■ **WHAT IS BEING ASKED**
In the records below, find the line with "水のようにサラサラした感じです 使い方に書いてあるように、コットンを使って、なじませました… 2011/04/02", then retype it and every following line exactly, stopping after the line with "02/2012 TOYOTA HILUX". Leave the pictures out.

■ **RECORD SET**
=== Begin Enclosure ===

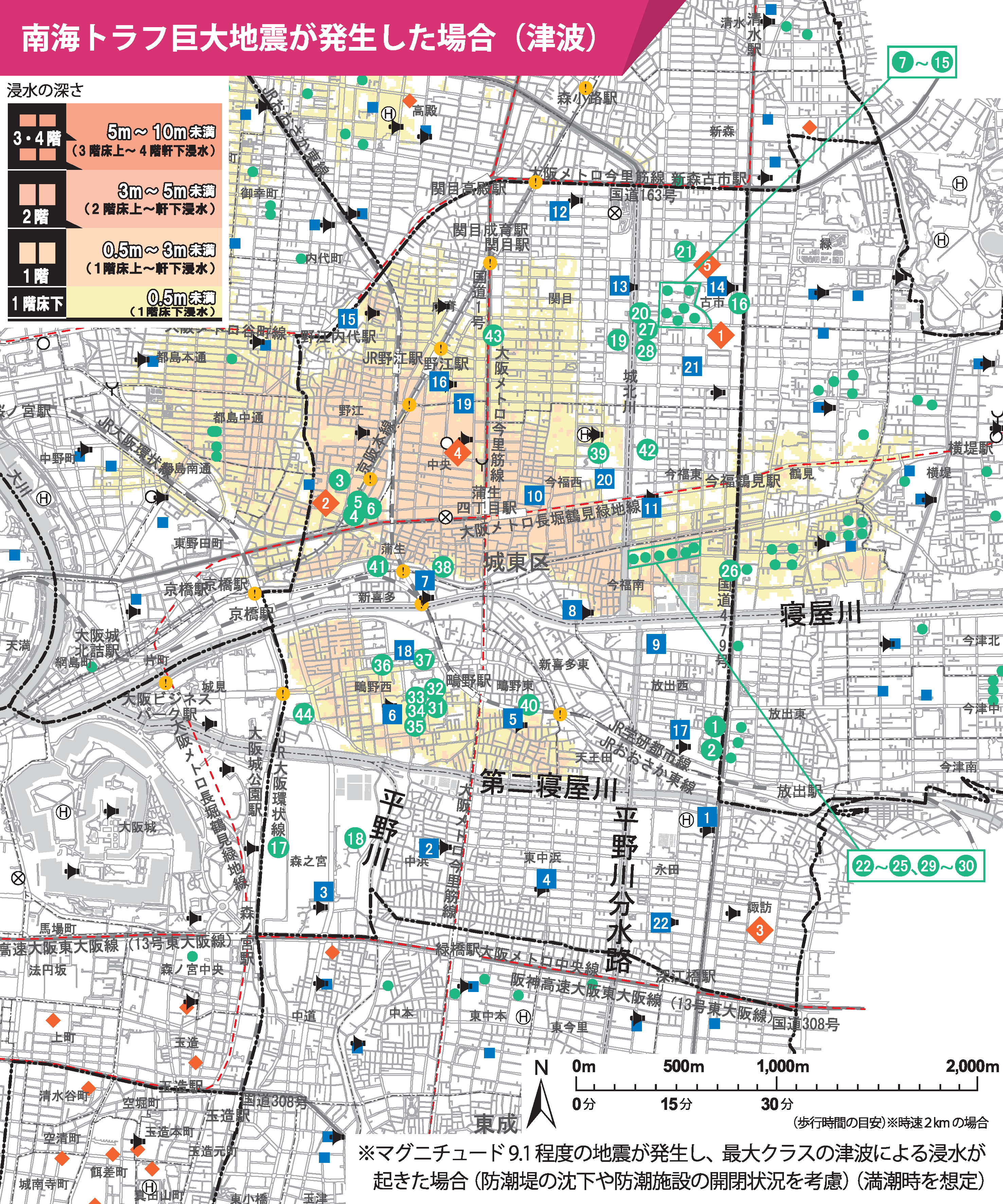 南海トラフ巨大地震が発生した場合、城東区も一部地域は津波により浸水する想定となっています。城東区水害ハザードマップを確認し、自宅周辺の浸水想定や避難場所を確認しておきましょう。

=== End Enclosure ===
=== Begin Enclosure ===

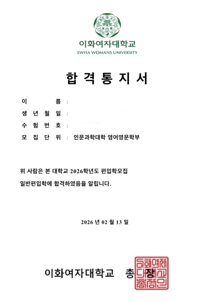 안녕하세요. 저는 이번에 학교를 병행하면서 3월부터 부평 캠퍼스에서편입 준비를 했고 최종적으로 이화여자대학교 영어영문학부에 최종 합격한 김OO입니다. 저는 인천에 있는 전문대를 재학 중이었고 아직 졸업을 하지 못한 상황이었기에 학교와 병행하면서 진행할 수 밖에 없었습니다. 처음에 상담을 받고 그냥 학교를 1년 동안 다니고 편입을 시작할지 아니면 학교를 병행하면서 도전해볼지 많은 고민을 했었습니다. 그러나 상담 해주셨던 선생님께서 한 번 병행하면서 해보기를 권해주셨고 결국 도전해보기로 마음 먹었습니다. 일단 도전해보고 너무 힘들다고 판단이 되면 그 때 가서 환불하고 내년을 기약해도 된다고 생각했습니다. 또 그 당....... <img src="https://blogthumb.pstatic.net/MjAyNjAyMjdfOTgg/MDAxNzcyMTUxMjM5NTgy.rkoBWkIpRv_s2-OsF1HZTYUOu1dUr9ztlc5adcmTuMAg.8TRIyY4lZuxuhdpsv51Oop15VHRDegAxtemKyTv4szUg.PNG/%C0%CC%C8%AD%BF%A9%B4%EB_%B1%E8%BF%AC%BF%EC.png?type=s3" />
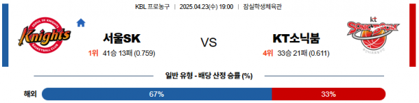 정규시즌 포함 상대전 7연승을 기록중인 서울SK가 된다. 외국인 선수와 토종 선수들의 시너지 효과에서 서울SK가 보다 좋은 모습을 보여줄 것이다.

=== End Enclosure ===
=== Begin Enclosure ===

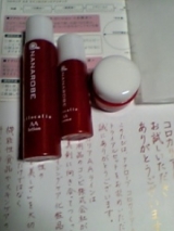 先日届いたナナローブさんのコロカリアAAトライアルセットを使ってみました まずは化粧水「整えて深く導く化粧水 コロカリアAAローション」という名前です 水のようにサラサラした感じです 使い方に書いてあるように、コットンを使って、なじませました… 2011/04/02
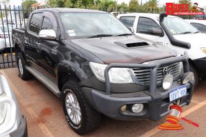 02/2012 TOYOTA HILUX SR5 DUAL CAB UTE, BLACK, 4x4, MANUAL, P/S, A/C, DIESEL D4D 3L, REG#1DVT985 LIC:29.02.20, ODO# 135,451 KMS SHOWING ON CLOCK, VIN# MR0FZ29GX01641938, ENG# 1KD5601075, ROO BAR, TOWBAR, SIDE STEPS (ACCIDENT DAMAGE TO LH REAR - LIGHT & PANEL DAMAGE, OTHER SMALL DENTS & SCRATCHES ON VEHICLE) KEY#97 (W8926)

=== End Enclosure ===

■ **SOLUTION TO THE PROBLEM**
 先日届いたナナローブさんのコロカリアAAトライアルセットを使ってみました まずは化粧水「整えて深く導く化粧水 コロカリアAAローション」という名前です 水のようにサラサラした感じです 使い方に書いてあるように、コットンを使って、なじませました… 2011/04/02
 02/2012 TOYOTA HILUX SR5 DUAL CAB UTE, BLACK, 4x4, MANUAL, P/S, A/C, DIESEL D4D 3L, REG#1DVT985 LIC:29.02.20, ODO# 135,451 KMS SHOWING ON CLOCK, VIN# MR0FZ29GX01641938, ENG# 1KD5601075, ROO BAR, TOWBAR, SIDE STEPS (ACCIDENT DAMAGE TO LH REAR - LIGHT & PANEL DAMAGE, OTHER SMALL DENTS & SCRATCHES ON VEHICLE) KEY#97 (W8926)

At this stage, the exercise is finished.